Apology – In this essay, the word “fisherman” is not intended to be sexist. There are plenty of women who love to fish and are excellent at it. “Fishermen” is used in a purely gender-neutral sense rather than fishermenandwomen” or “fisherpeople” simply out of convention. It is intended to mean all people who fish.
You can learn a lot filleting a fish. Yesterday a flock of raucous gulls telegraphed the arrival of a school of Morone saxatilis and one member mistook a blue and white plastic surface plug for breakfast. You’d think she would have known better. Based on her thirty inch length she had run this gauntlet at least ten times before and should have come to recognize the vast majority of lures dragged across her path by fishermen as she moved north in the spring and south in the fall along the rocky glaciated shores between the Chesapeake Bay and Labrador.
A fish can be either skinned or scaled. The latter occurs before any cuts are made and takes advantage of the fact that scales are carefully arranged to overlap like shingles, with the unattached edge pointing tailwards. This makes sense aquadynamically for the fish and lets the scaler, while securing the fish with one hand, draw the back of a stiff knife headwards, popping off a snowstorm of scales along the way.
These snowflakes look like simple miniature shingles until the fish slips out of the butcher’s hand leaving it covered with a handful of slippery slime. The first reaction is often “yuck” but on second thought it raises a couple of questions. Where does that mucus covering the scales come from? Does it do anything besides annoy the fisherman?
It turns out that each scale is not an inert slab but rather a flat piece of fingernail-like material sandwiched between very thin layers of living skin which is loaded with the same kind of tissue which produce slippery surfaces in………us……. lining the insides of our mouths, our GI tracts and the other slippery slidey parts of our anatomies. That mucus covering of fish is created in situ from the surface of each scale.
And it serves many purposes. A slippery fish arrows through the water with less friction than an unslippery one, expending less energy getting from here to there. Also, It turns out that there are lots of tiny things swimming around in most fish’s environments aiming to settle on a fish and do all sorts of damage. But since the mucus layer of a fish is constantly being washed off and replaced as the fish swims along, many of those would-be pathogens and parasites trying to hitch a ride are simply sloughed off along with the surface layer before they can wreak any havoc. And on top of that, chemical analysis of the mucus reveals a protective soup of antibodies and natural antibiotics! With luck, before many species are driven to extinction by ocean warming, we’ll be extracting powerful new weapons against human pathogens from fish mucus!
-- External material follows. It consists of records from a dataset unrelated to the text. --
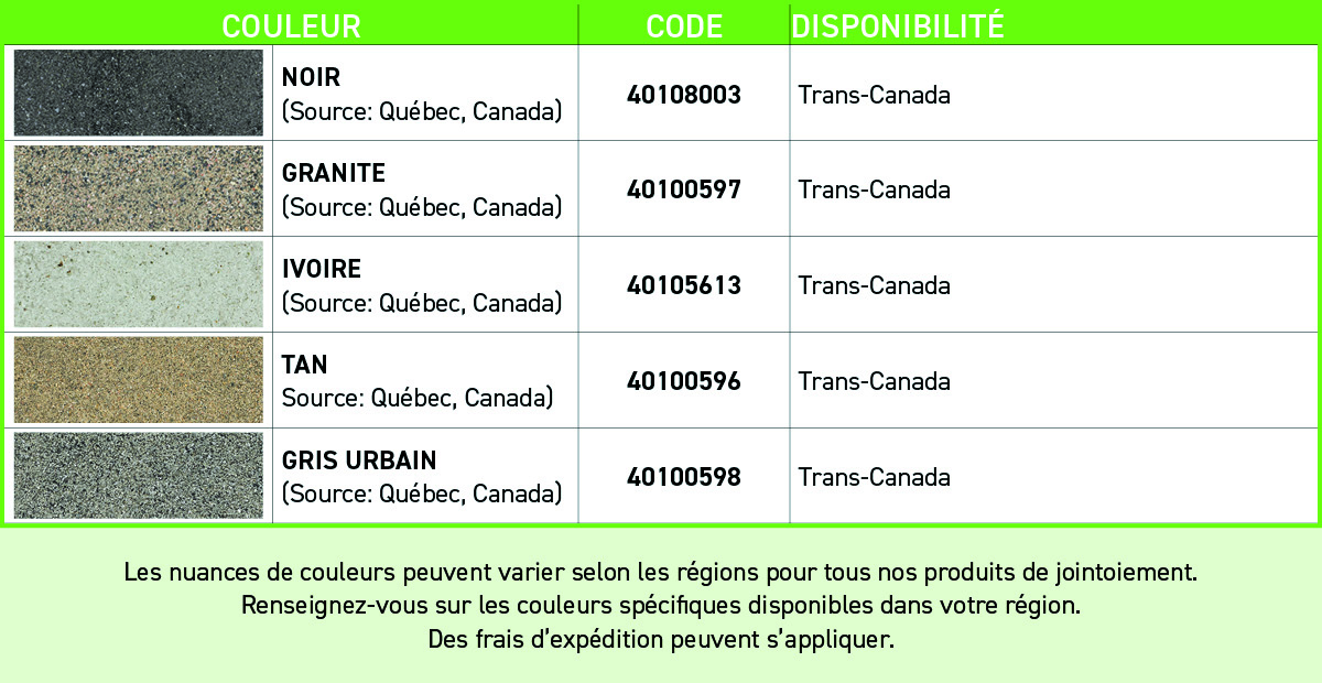 Le pouvoir couvrant varie en fonction du type de pavé et de largeur des joints.
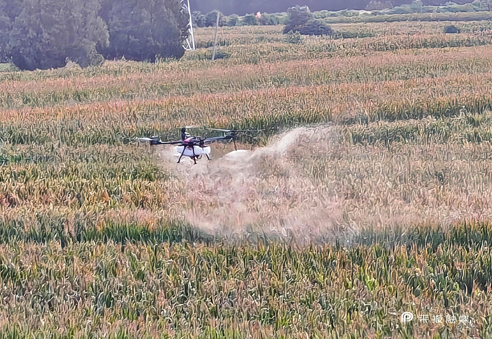 时下正值秋作物生长关键期,湛河区农业农村和水利局组织开展无人机飞防作业,对辖区12000余亩(1亩≈666.67平方米)水稻、玉米进行杀虫灭害,以科技助力作物健康生长,为秋粮稳产丰产筑牢保障。
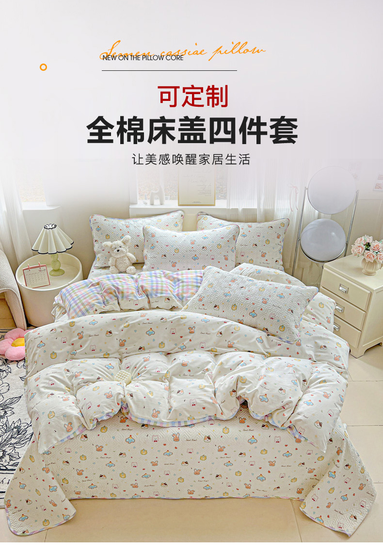 (总)羽爱家纺 2025新款A类全棉印花水洗床盖四件套系列,薄荷碎,笔记,草莓物语,动漫恐龙,格瑞,好伙伴,花间鹿,菱形恐龙,萌宠国度,萌萌兔,奶油兔,清新,森林派对,甜心猫猫,童话,童年,汪汪队,小心意,小幸运,心相印,星星点灯,熊猫林,雅格,伊丽莎白,组合图仅展示
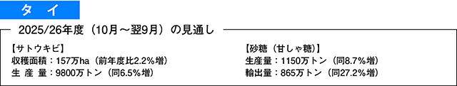 砂糖生産量は、サトウキビの増産とCCS(注)の上昇により、1150万トン(同8.7%増)とかなりの程度増加が見込まれている。しかし、年末年始にかけての製糖工場における圧搾作業の中止やカンボジアとの国境閉鎖に伴う労働力確保の問題などで収穫および圧搾作業に遅延が発生していることから、26年2月時点の累計生産量は前年度を下回って推移している。砂糖輸出量は、砂糖の増産を背景に865万トン(同27.2%増)と大幅な増加が見込まれている。
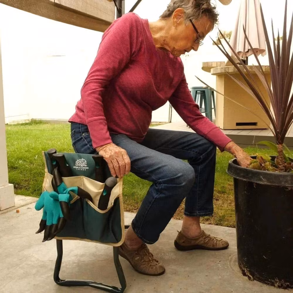 Ökad Säkerhet och Självständighet: Med stabiliserande armar och en robust ram ger Knähjälpen det stöd du behöver för att enkelt resa dig upp och sätta dig ner. Detta ökar din säkerhet och självständighet, vilket gör trädgårdsarbete till en säkrare aktivitet, även för dem med begränsad rörlighet.
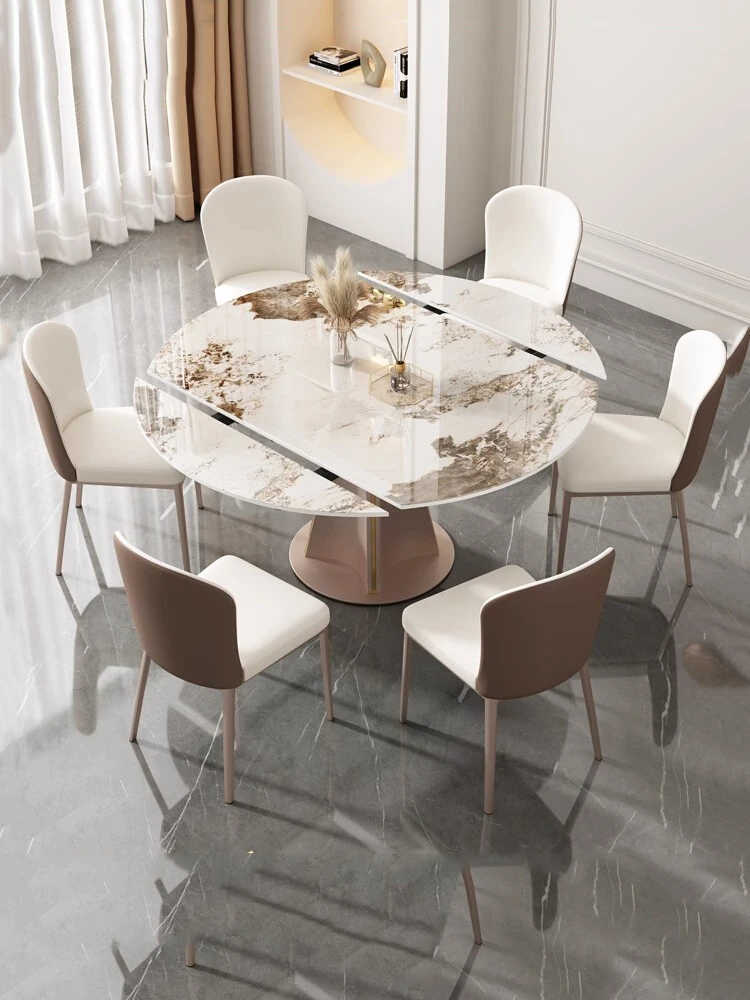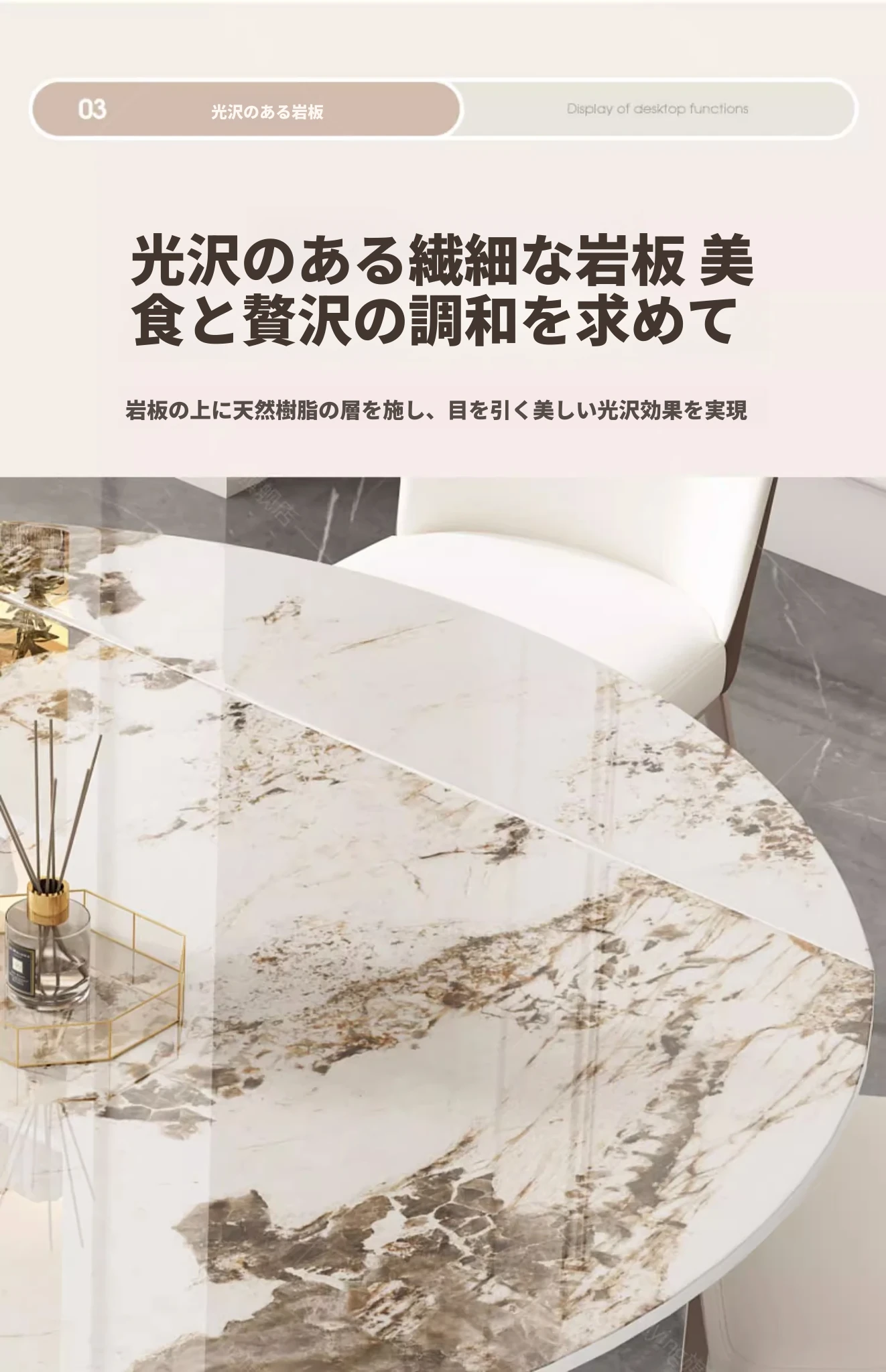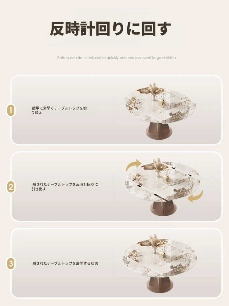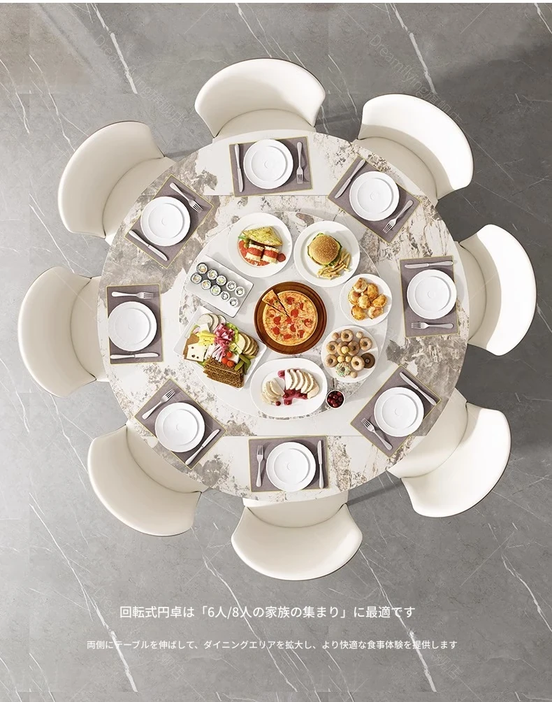 現代的な佐慕岩板ダイニングテーブル - シンプルでラグジュアリーなデザイン、狭いスペースにも最適!回転式・伸縮・折りたたみ可能な多機能円形テーブルで、家族や友人との素敵なひとときを演出します。

One can think of “fish” in one of two ways. Either it’s that delicious and presumably healthful thing on our plate or it’s that whole creature driving bait to the surface, dangling at the end of a fishing line or swimming around in an aquarium. And if you think about that whole fish’s parts, they include a tail, some fins, a head, some innards and the rest – and it’s “the rest” which ends up on your plate in the form of fillets.
Except for an occasional annoying fishbone, those fillets are pure muscle. In the majority of fish, fillets are mostly white but there is often a bit of darker muscle too. The darker red muscles are used for constant, relatively unenergetic exercise like holding position in stiller water. The white muscle is specialized for strenuous activity that require lots of energy fast. That bass launched at the lure from some fast-moving chaotic surf and wasn’t kidding when she came out of the water and hit the lure with force: all that white muscle in action.
As many cartoons involving garbage illustrate, a fish skeleton involves a central backbone with backwards-slanted fishbones protruding in a single plane from its vertebrae. The filleter’s job is to separate the muscle cleanly from those bones using a sort of sharp knife – “sort of” because razor sharpness risks slicing through the bones, leaving them in the fillet, while a dull knife makes the job exceedingly difficult and risks wasting large amounts of flesh.
The process starts at the uppermost part of the fish and involves running the knife edge between the bones and their attached muscle while lifting up the separating flesh. This process, done well, makes two things about fish anatomy clear. Each fillet, if it is peeled off those slanted fishbones, can be seen to be a series of parallel segments, and each of those segments is devoted to one of those slanted fishbones. So when that fish blasted through the surf towards what it thought was breakfast those high speed white muscle segments were contracting in a carefully orchestrated fashion to create a powerful back and forth undulation propelling the fish lureward.
Once the fillets are off it becomes clear that for striped bass, the head occupies about a third of the animal. If we were built like that our chins would be just above our navels. But on closer look (at the fish) that comparison is not bad because the head really extends backwards to include the gills, and the gills, after all, are the fish’s lungs – and our lungs would be in our heads if our chins were down around our navels! The similarity doesn’t stop there because right between their two gills, tucked under the nape of the fish’s neck (if there is such a thing) is the fish’s heart – like ours – located between the two structures that extract oxygen from whichever medium the fish or we have evolved to survive in.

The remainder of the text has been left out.